Al-Hayya memimpin delegasi yang berangkat ke Suriah pada tahun 2022 dan bertemu dengan Assad.
Al-Hayya juga memiliki hubungan baik dengan Iran, Turki, dan Hizbullah.
“Dia seperti Haniyeh, yang seimbang dan fleksibel dan kedua belah pihak tidak melihat kepemimpinannya sebagai sesuatu yang bermasalah,” kata al-Masri.
Peran pemimpin kelompok itu penting dalam menjaga hubungan dengan sekutu Hamas di luar wilayah Palestina dan pilihannya kemungkinan akan dipengaruhi oleh pilihan kelompok itu dalam beberapa hari mendatang.
Al-Masri mengatakan pilihan apa pun harusnya bersifat sementara hingga pemilihan umum di biro politik yang seharusnya dilaksanakan tahun ini tetapi telah tergelincir karena perang.

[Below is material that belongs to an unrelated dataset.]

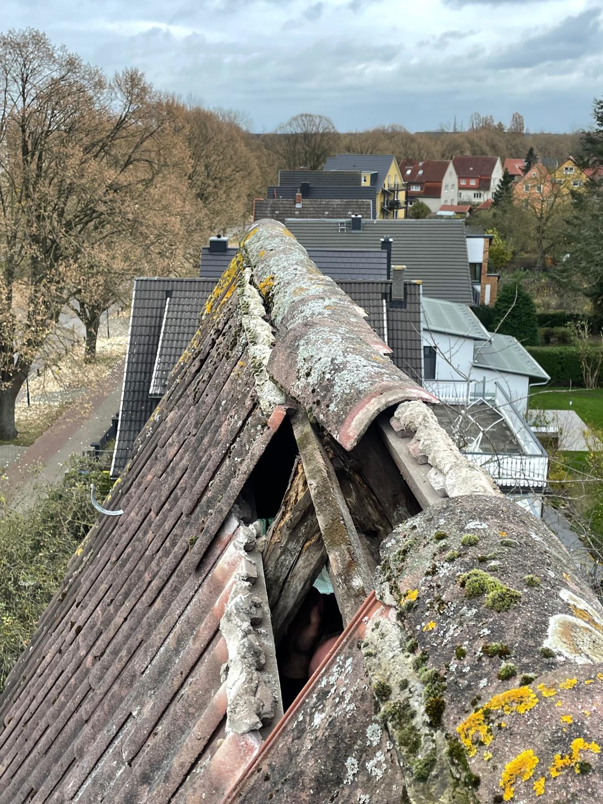 Lose Ziegel, verrutschte Bauteile oder beschädigte Anschlüsse nach Sturm: Wir sichern das Dach kurzfristig und reparieren die betroffenen Bereiche fachgerecht.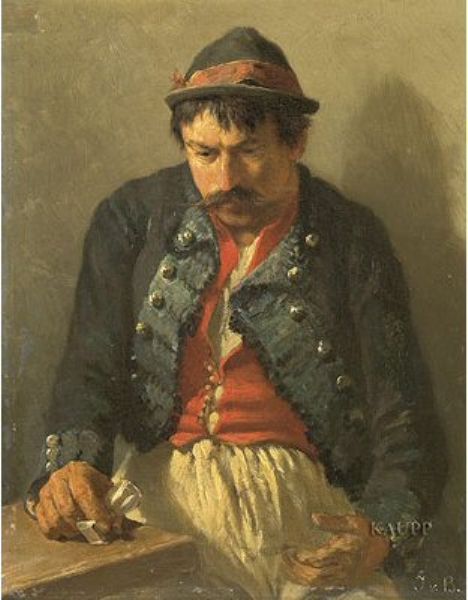 | An einem Tisch sitzender Mann in Tracht, in seiner rechten Hand ein Likörglas haltend | |

Pertemuan pimpinan Hamas juga mungkin menjadi rumit karena upaya untuk menghubungi Sinwar, yang tetap berpengaruh dan akan diajak berkonsultasi mengenai pilihan tersebut.
Karena perundingan gencatan senjata gagal, strategi Israel sejauh ini tampaknya hanya memberi kelompok itu beberapa pilihan: menyerah atau melanjutkan perang.
Calon ketiga yang mungkin, kata al-Masri, adalah Nizar Abu Ramadan, yang telah menantang Sinwar untuk peran kepala Gaza, dan dianggap dekat dengan Mashaal.
Perang di Gaza dimulai pada 7 Oktober setelah serangan Hamas yang menewaskan sekitar 1.200 orang. Kelompok itu juga menyandera 250 orang lainnya. Operasi balasan Israel telah meluluhlantakkan seluruh lingkungan di Gaza dan memaksa sekitar 80 persen penduduk meninggalkan rumah mereka.
Lebih dari 39.000 warga Palestina telah tewas, menurut Kementerian Kesehatan Gaza yang tidak membedakan antara warga sipil dan kombatan dalam penghitungannya.